Denied for a Promotion That Boss Recommended

Alison Green | Ask A Manager

A reader writes:

Recently, my manager decided to introduce a new position that would be in between my current position and his position, basically someone to make sure the daily job functions of me and my coworkers get done at the company’s computer support desk. This position was opened to both internal and external applicants, and he encouraged both me and another coworker to apply.

For some background, I’ve been with the company for 4+ years and have had many different responsibilities, as well as been depended upon to be one of the top service desk technicians. I have a total of 6 years experience in the field. My skills matched almost exactly what they were looking for, with the exception that I had a 2-year degree while they were looking for a 4-year degree.

In any case, after encouraging us to apply, my boss refused to interview both me and my coworker, and now we will be stuck with someone who does not know anything about the company or how our service desks functions, and worse yet, I will have to be training this new guy.
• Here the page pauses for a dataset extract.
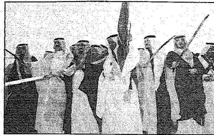
سموه يشارك في العرصة السعودية بأمر رقية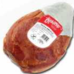
52629 Paleta al Horno Oven Baked Shoulder (4,5 kg aprox.) 1 uni. caja/box

Is this my boss’s way of telling me to move on and find something else and should I be as ticked off about this as I am currently feeling?

There’s nothing wrong with encouraging you to apply but ultimately not hiring you, but your boss owed you the courtesy of an explanation why. Some people would argue that he also owed you an interview after explicitly urging you to apply — but I’m going to argue that if he already knew that he had stronger candidates and wasn’t going to hire you, it’s kinder not to waste your time and mislead you. But either way, he owed you an explanation of why.

I recently wrote about why companies often don’t give rejected candidates any feedback — but it’s a totally different story when you’re an internal candidate. In this case, courtesy and morale — as well as your boss’s obligation to do at least a minimum of professional development — mean that you deserve feedback about why you ultimately weren’t hired.

There are plenty of legitimate reasons why your boss might not have chosen you, even after suggesting you apply. The most obvious one is that he thought you were strong enough to be in the mix, but ultimately stronger candidates came along. Or, who knows, maybe someone higher than him in the company ordered him to hire a specific candidate, or any other myriad reasons. But no matter what it was, he owed you an explanation.